A number of studies have explored the response of storage tanks to blast. For example, Lu et al. (2019) conducted both numerical analyses and scaled experimental tests on roofless storage tanks to explosions of 1500 kg and 380 kg TNT equivalent at a standoff of 25 m. Their findings showed that the tanks under consideration plastically deformed under the blast loading, but the liquid level acted to reduce the level of damage. Al-Yacouby et al. (2021) conducted a numerical study with a similar roofless tank and blast environment, varying both wall thickness and liquid level. Their findings, however, suggested that the influence of liquid level was minimal. Based on precedent, during large-scale blast events, the explosive yield would typically be at least 100 times greater than that considered in both aforementioned studies, which in turn may significantly alter the response of storage tanks in comparison.

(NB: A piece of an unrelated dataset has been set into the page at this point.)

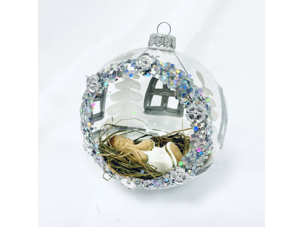 Irisa Vánoční exkluzivní ozdoba čirá JEŽÍŠEK V SENĚ dekor stříbrná velikost 12 cm

The study discussed herein explored the response of cylindrical fluid storage tanks to blast events more akin to large-scale industrial accidents. This included the design of a typical fluid storage tank followed by a full-scale numerical investigation of tank structural response to blast with variations in fill-level, tank diameter and standoff distance, through which key damage mechanisms were identified. To confirm the validity of these mechanisms, a series of scaled experimental tests were also conducted. Finally, model validation, using data from the tests, was undertaken. All initial modelling was carried out using an ‘uncoupled’ methodology, whereby the blast load on the tank was calculated using a hydrocode with a rigid representation of the structure. The pressures acting on the rigid representation were extracted and then mapped on to a deformable structure in a Finite Element (FE) code to solve for structural response. As a follow up to this study however, an alternative, coupled fluid-structure interaction (FSI), methodology was adopted to determine the key differences between, and advantages and limitations of, the two approaches. The results obtained using the coupled methodology are presented briefly at the end of this article.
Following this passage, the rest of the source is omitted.